Ford, a citizen of the Cherokee Nation of Oklahoma, offers a novel in short stories, allowing her to move with ease through perspectives, history and time. Each heartbreaking chapter slowly adds to the reader’s understanding of these women and their increasingly difficult lives.
It’s the content of those lives that sets Ford’s novel apart. Granny, Lula, Justine and Reney are fictional Cherokee women, yes—but, like real Indigenous women, they have been deeply affected by colonization and assimilation. Readers who are looking for a literary version of an Edward S. Curtis painting will be disappointed; Crooked Hallelujah isn’t an opportunity for non-Cherokee readers to get an inside look at Cherokee culture. Which is entirely the point.
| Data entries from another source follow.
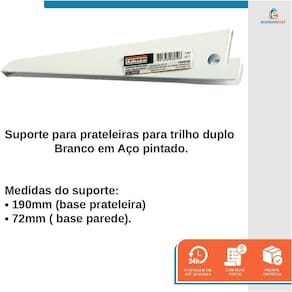 CARACTERÍSTICAS TÉCNICAS: Material: Aço pintado Medidas: 190mm base prateleira x 72mm base parede Espessura da chapa: 2mm Peso suportado: 60kg Distância entre os encaixes horizontalmente : 1cm Marca: Starfer Ref.: 13040702 Ean: 7891638998455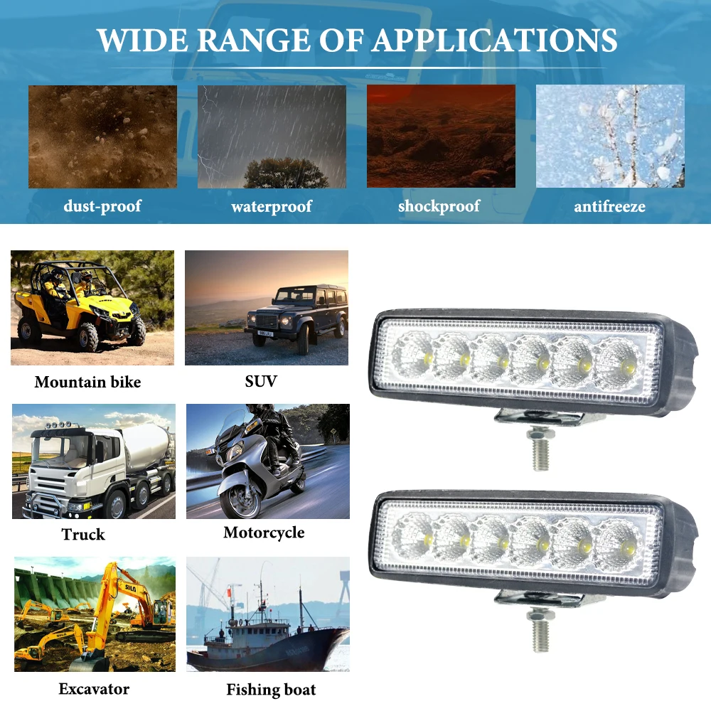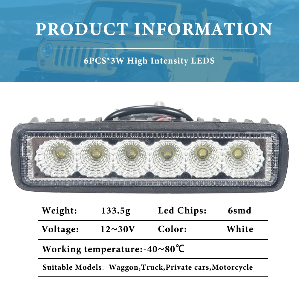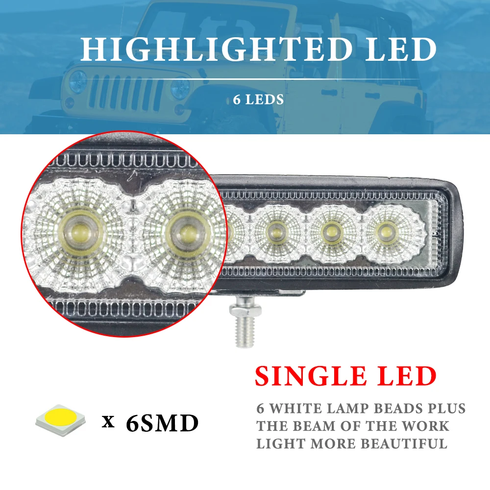 1/2Pcs LED Bar Motorcycle Fog Lamp Work Light Floodlight Working Lamp 6SMD Universal For ATV Truck Tractor 4×4 Accessories Off Road SUV 12V 24V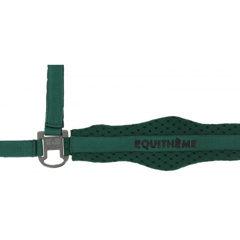 Stylowy design podkreśla nadruk EQUITHÈME 3D na nachrapniku oraz eleganckie, ciemne okucia z subtelnym logo marki. Kantar jest praktyczny i funkcjonalny – regulacja przy potylicy z obu stron pozwala na idealne dopasowanie do głowy konia, a solidny karabińczyk ułatwia codzienne zapinanie i odpinanie.

Indigenous people have always been more than the stereotypes American letters have written us to be. In Ford’s world, as in ours, Christianity has been forced on Indigenous communities for centuries—whether through early missionaries who believed being Indigenous was synonymous with being a devil-worshipping heretic, or through government-mandated, church-run Indian boarding schools that separated Indigenous children from their families, then stripped them of their language and culture. The Cherokee women of Crooked Hallelujah have had their Cherokee language and culture stripped from them too—casualties of other apocalypses their community has had to survive.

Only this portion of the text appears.